• [What is required]:
Only the lines below from the one containing "鼠虎鸡猪蛇猴 | ????中 |" through the one containing "Historia galijskiej osady" belong in the answer, set down exactly, with the pictures left out.

• [Record set]:
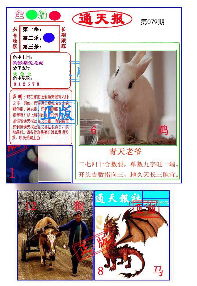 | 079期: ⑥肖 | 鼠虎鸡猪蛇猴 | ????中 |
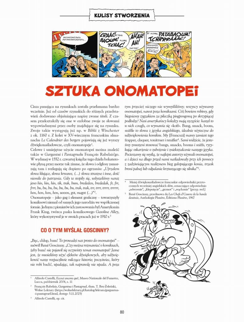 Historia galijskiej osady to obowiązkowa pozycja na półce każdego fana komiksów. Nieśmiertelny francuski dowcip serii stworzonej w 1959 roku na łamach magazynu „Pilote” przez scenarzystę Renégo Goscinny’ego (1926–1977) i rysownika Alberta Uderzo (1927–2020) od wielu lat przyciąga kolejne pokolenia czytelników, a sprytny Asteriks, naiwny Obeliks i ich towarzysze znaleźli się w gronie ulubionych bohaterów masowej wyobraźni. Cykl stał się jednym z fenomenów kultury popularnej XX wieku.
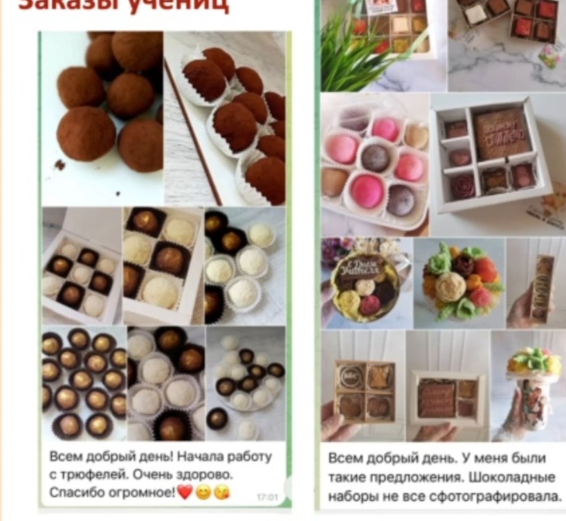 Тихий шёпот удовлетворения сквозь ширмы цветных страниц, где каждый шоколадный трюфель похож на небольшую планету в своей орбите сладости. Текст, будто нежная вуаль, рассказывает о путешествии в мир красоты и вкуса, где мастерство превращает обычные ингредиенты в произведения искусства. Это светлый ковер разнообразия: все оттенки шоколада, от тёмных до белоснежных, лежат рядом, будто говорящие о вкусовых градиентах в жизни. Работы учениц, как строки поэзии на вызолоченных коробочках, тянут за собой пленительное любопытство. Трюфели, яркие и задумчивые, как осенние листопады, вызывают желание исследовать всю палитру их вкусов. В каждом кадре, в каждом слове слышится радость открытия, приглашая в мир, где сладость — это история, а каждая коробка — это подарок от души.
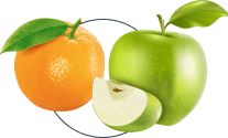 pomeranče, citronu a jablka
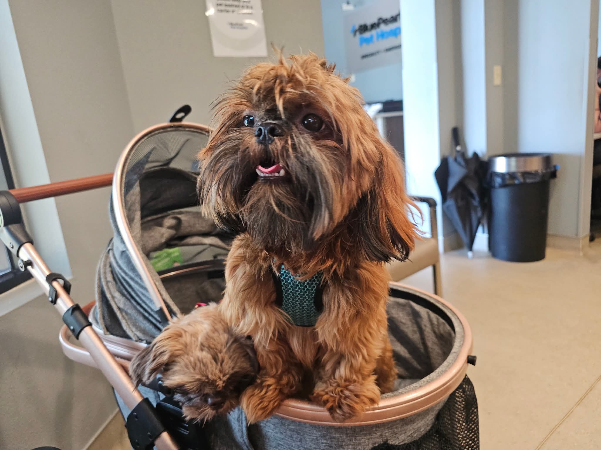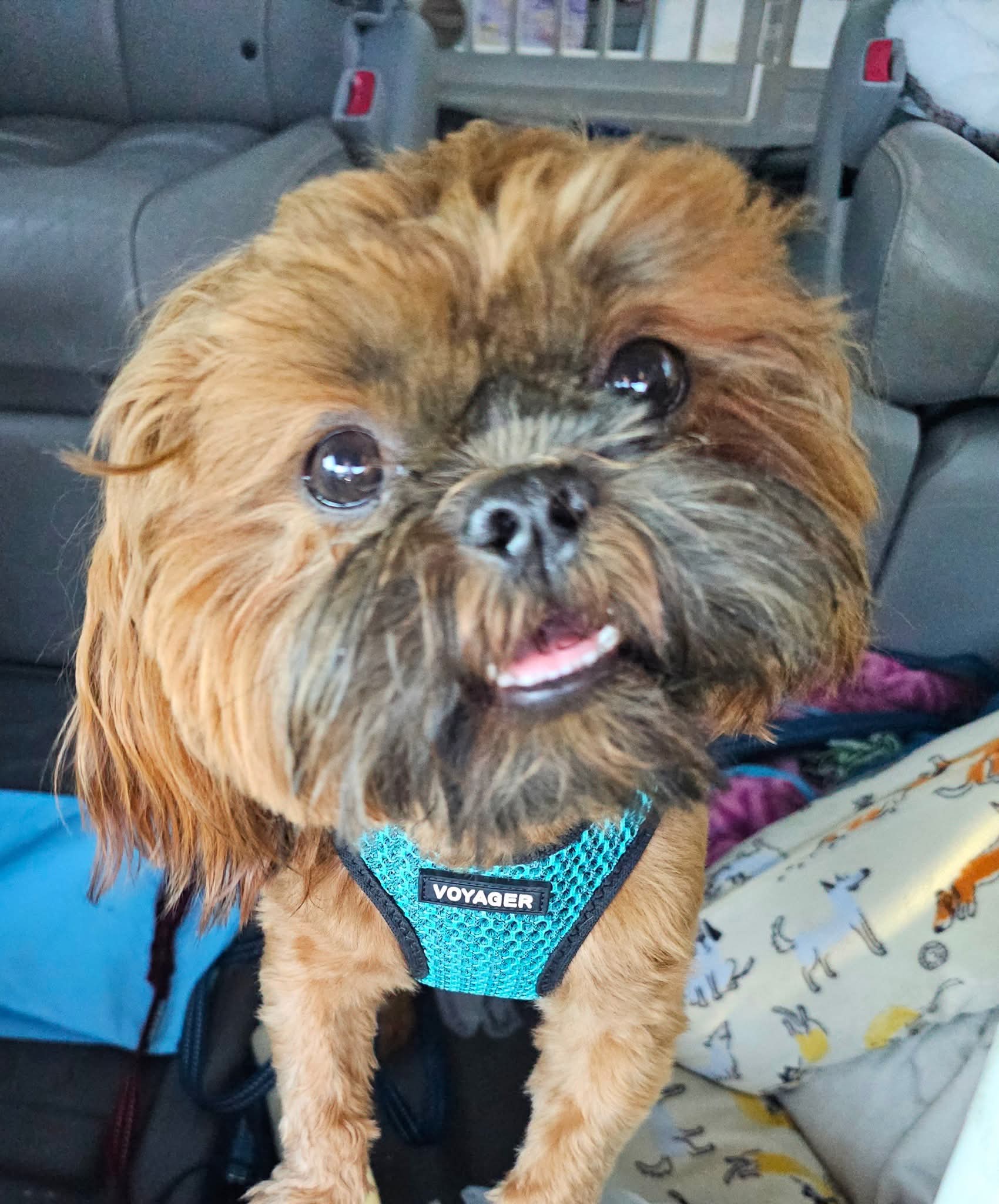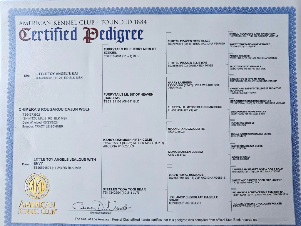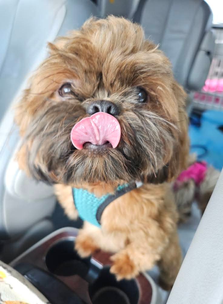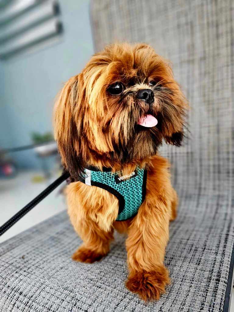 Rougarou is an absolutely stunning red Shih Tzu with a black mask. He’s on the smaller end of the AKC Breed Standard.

* * *

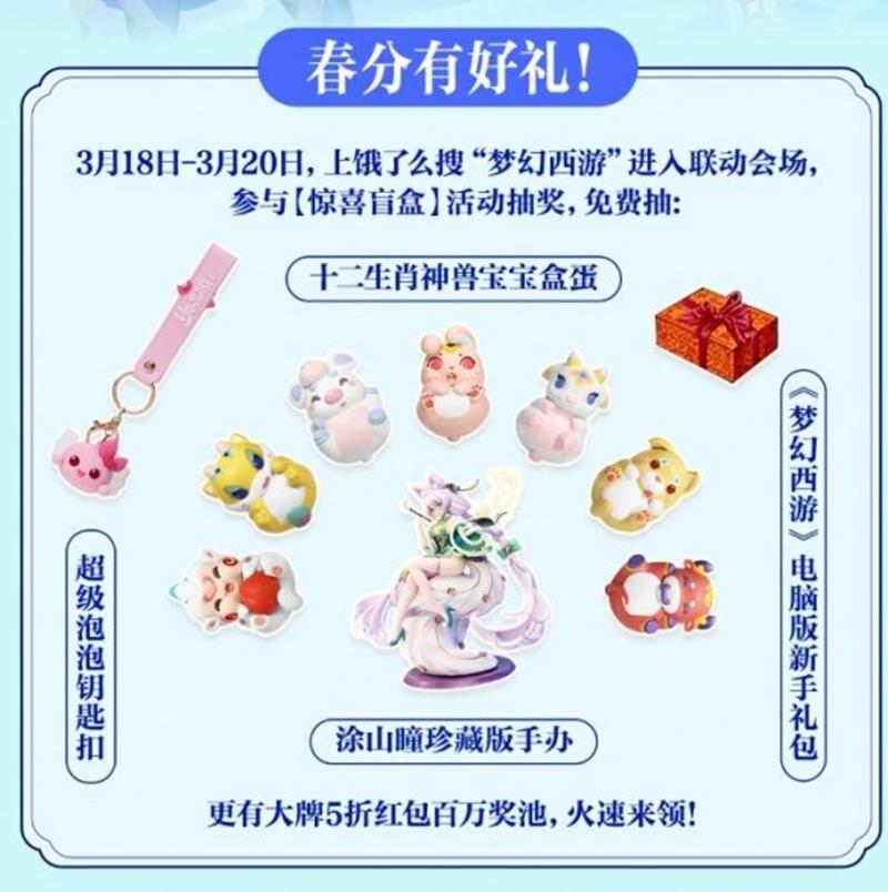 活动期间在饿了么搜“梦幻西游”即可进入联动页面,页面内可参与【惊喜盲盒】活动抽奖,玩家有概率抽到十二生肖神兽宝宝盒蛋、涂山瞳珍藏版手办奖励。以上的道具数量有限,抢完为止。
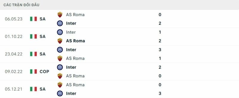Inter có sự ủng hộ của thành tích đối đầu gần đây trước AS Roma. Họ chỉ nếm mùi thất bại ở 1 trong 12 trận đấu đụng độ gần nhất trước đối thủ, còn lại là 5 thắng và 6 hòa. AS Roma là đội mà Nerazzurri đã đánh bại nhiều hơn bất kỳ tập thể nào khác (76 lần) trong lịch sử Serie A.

* * *

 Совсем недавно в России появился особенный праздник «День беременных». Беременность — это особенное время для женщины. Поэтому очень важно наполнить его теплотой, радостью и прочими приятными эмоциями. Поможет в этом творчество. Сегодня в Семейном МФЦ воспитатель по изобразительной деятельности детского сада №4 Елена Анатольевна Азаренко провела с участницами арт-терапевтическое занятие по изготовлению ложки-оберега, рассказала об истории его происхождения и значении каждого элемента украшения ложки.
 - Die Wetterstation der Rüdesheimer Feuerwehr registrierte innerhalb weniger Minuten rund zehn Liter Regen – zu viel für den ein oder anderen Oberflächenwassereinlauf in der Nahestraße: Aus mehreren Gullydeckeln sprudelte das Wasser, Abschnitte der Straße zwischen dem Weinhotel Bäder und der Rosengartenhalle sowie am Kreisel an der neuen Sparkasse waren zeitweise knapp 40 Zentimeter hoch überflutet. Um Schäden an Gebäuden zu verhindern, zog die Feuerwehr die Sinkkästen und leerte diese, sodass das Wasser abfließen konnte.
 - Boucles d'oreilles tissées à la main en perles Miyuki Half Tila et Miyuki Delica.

• [Answer to the exercise]:
 | 079期: ⑥肖 | 鼠虎鸡猪蛇猴 | ????中 |
 Historia galijskiej osady to obowiązkowa pozycja na półce każdego fana komiksów. Nieśmiertelny francuski dowcip serii stworzonej w 1959 roku na łamach magazynu „Pilote” przez scenarzystę Renégo Goscinny’ego (1926–1977) i rysownika Alberta Uderzo (1927–2020) od wielu lat przyciąga kolejne pokolenia czytelników, a sprytny Asteriks, naiwny Obeliks i ich towarzysze znaleźli się w gronie ulubionych bohaterów masowej wyobraźni. Cykl stał się jednym z fenomenów kultury popularnej XX wieku.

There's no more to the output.